Now, more than three decades later, authorities say, it’s been confirmed.
A Georgia district attorney says Timothy Coggins, 23, was killed for “socializing with a white female.” Prosecutor Ben Coker told a judge Wednesday that Coggins was dragged behind a truck through the woods. Arrest warrants say he was stabbed and sliced to death and suffered “severely disfiguring” wounds.
A break came in October, when law enforcement officials arrested five local residents on charges stemming from the slaying.
All are white; two worked in law enforcement.
Spalding County Sheriff Darrell Dix said at an Oct. 13 news conference in Griffin, about 40 miles south of Atlanta, that based on evidence and interviews “there is no doubt in the minds of all investigators involved that the crime was racially motivated.”
Two men are charged with murder: Frankie Gebhardt, 59, and Bill Moore Sr., 58. Arrest warrants accuse them of stabbing and slicing Coggins to death and giving him “seriously disfiguring” wounds.

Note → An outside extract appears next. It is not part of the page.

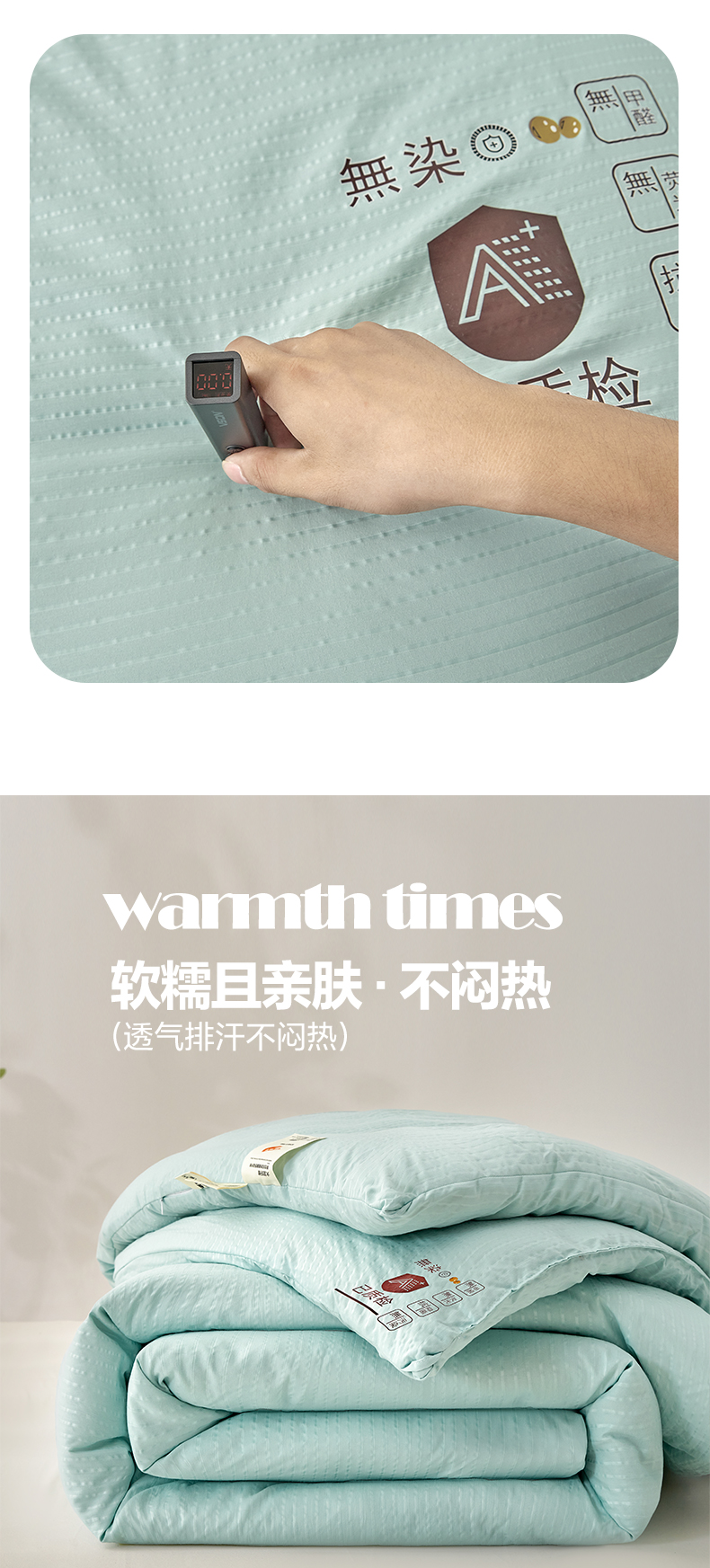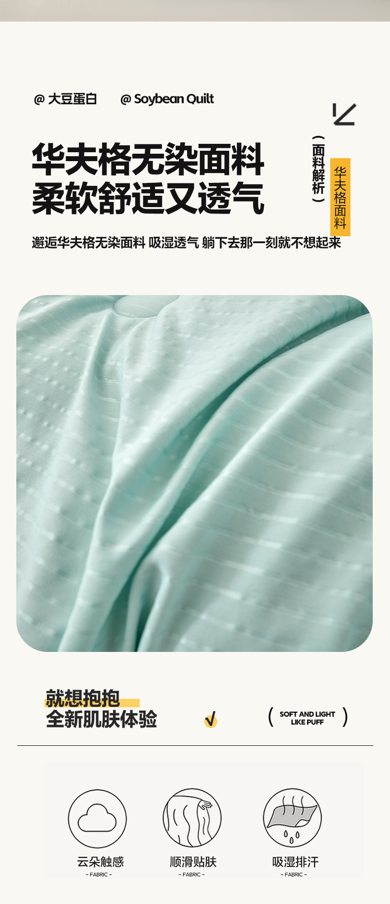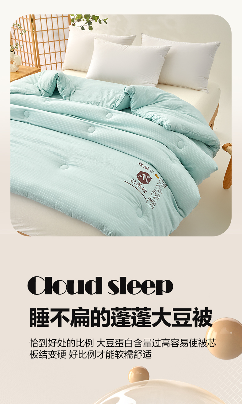 • 填充纤维种类: 大豆蛋白改性聚酯纤维

Moore and Gebhardt were just a year or two older than the victim, and Heather Coggins says she believes her uncle was acquainted with them. But she said the rest of the family didn’t know them.

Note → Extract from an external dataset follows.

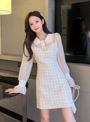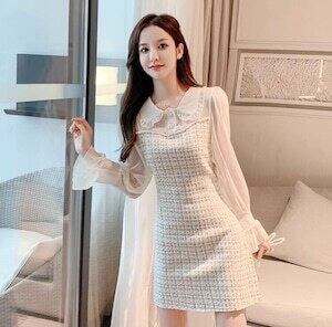 ✅シアーワンピース ツイードワンピース ミニ丈 フェミニン デート E544

“This is the first time we’ve heard their names and seen their faces,” she said in a recent interview.
Three other suspects — Sandra Bunn, 58; her son Lamar Bunn; and Gregory Huffman, 47 — are charged with obstruction. Sandra Bunn worked as a Spalding County detention officer until her arrest, when the sheriff fired her. Huffman was also a detention officer and later a police officer in nearby Milner. He’s charged with revealing the identity of a confidential informant who was being used against Gebhardt.
Officials haven’t detailed the suspects’ connections with each other, but court records show Sandra Bunn sued Gebhardt in 2003 to have him evicted from a property she owned. Gebhardt has been convicted in the past of aggravated assault and criminal damage, both felonies, along with multiple misdemeanors, records show.

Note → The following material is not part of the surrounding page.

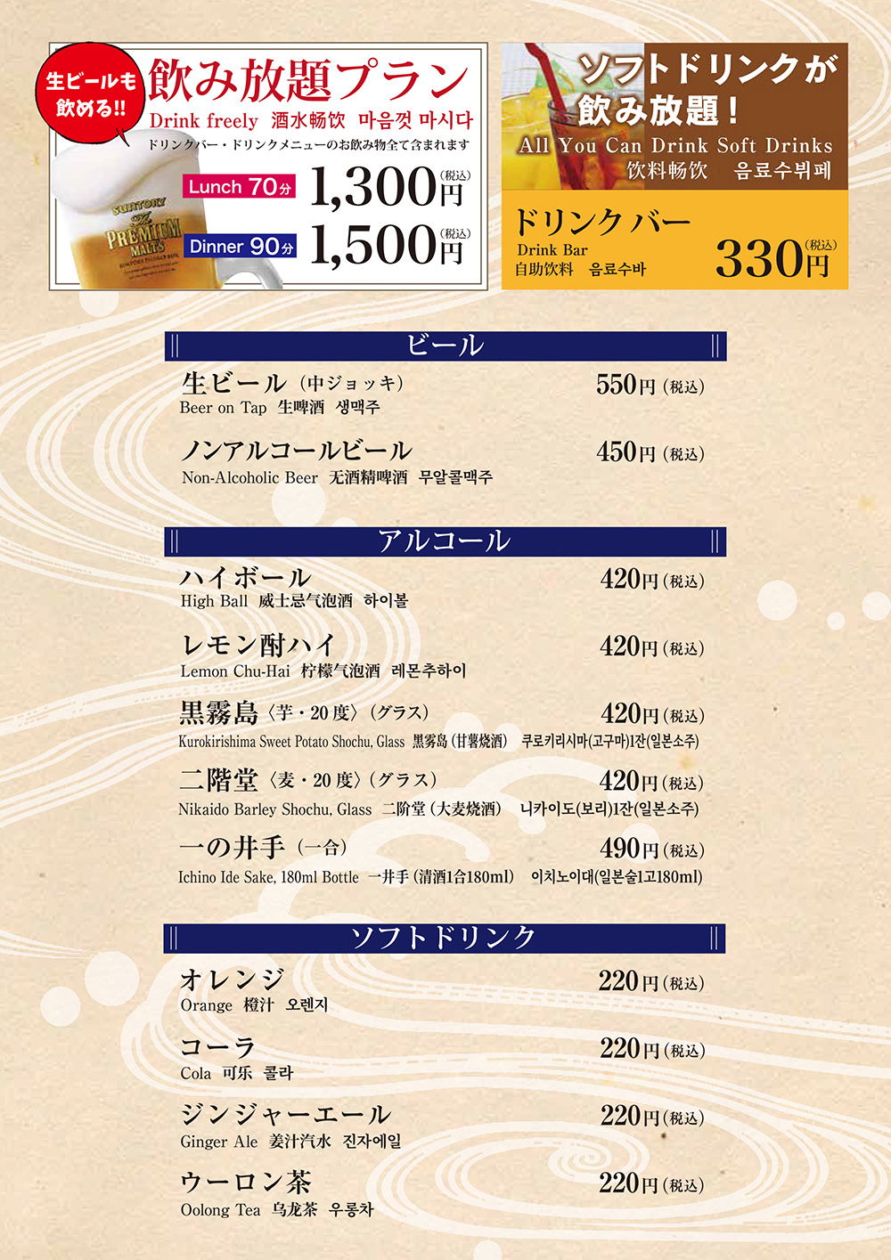 ●メニューの写真はイメージです。実際の商品・器などは多少異なります。

Coker said he will seek indictments in December but hasn’t decided whether to seek the death penalty against Moore and Gebhardt.
Heather Coggins was just 6 years old when her uncle was killed, but she still tears up at how his slaying wracked her large extended family, longtime residents of the community, with “uncertainty, heartbreak, fear.”
His mother was burdened by his slaying until she died in February 2016. She called out his name on her death bed, Heather Coggins said.
“I really don’t think my grandmother ever recovered from losing her son … not because of his death, but because of the uncertainty of who did it,” she said. “She felt like justice wasn’t done.”